Ross Reels’ sparkling new Montrose factory speaks to the state of regional manufacturing

By Bart Taylor | Jun 09, 2019

To tour the new Ross Reels factory in Montrose is a bit surreal, as if you're looking at something that's not supposed to be there. So many voices have written off manufacturing, but here it is, one of Colorado's finest new manufacturing facilities, on the stunning Uncompahgre River because, of course, they make world-class fly-fishing gear. It's a lot to take in.

What may truly separate this facility, though, is the roadmap it provides for other communities. There's a model here, with lessons to be learned.

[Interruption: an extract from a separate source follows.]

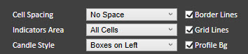 The chart can be split up in 3 cells. Each cell contains a value and a background. In each cell, the value can be one of the following: Volume, Delta, Delta Negative only, Delta Positive only, Ask, Bid, Ask or Bid (larger value), Ask and Bid (or Bid and Ask) or No Value.

Whether others follow is an open question. Hosting a panel discussion with manufacturers at Grand Junction's first-ever West Slope Startup Week suggests that towns on the Western Slope of Colorado are still ambivalent about manufacturing.

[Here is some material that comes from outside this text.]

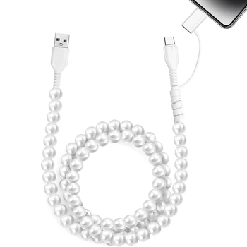 สายเคเบิล USB ประดับด้วยลูกปัดมุก2อิน1สีขาวสำหรับโต๊ะทำงานโทรศัพท์

But first, what Doug and Dave Dragoo, owners of Ross parent Mayfly Outdoors, have accomplished in Montrose is eye-opening. The Dragoos celebrated the official grand opening of the new building with employees and a couple hundred of local notables, pleased as they seem not only with the new physical space but with the city's support of the project and vision of a modern business cluster focused on the outdoor industry.

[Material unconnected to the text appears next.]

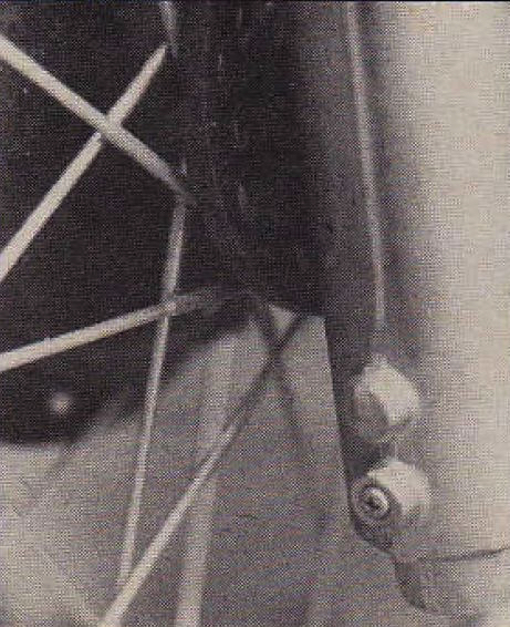 Seeing double: One odd side effect of adding 20mm to the forks internals was this weird dual nipple at the bottom of each leg. Instead of casting all new sliders, Yamaha reused the ’77 components and just added a second bleeder screw below the first. |

Manufacturing for two of fly-fishing's most respected brands -- Ross Reels and Abel Reels -- is now consolidated in Montrose at the Mayfly headquarters. It's part of the Colorado Outdoors development, with a plan that envisions an outdoor industry cluster of light manufacturing, along with new workforce housing, retail, logistics, and hospitality tenants. The end goal is to foster a destination for outdoor enthusiasts and new business and commerce from the region and around the world.

It's a vision shared by the private and public sector, and here, public action has meant the difference between idea and reality. The city has offset hard expenses on roads and infrastructure and provided financial incentives for incoming firms, but it's also a co-developer of the river assets and adjacent open space. Colorado Parks and Wildlife is partnering to improve an already spectacular fishery in Montrose's city limits. Overall, the development is a multi-institutional collaboration, with manufacturing jobs at its core.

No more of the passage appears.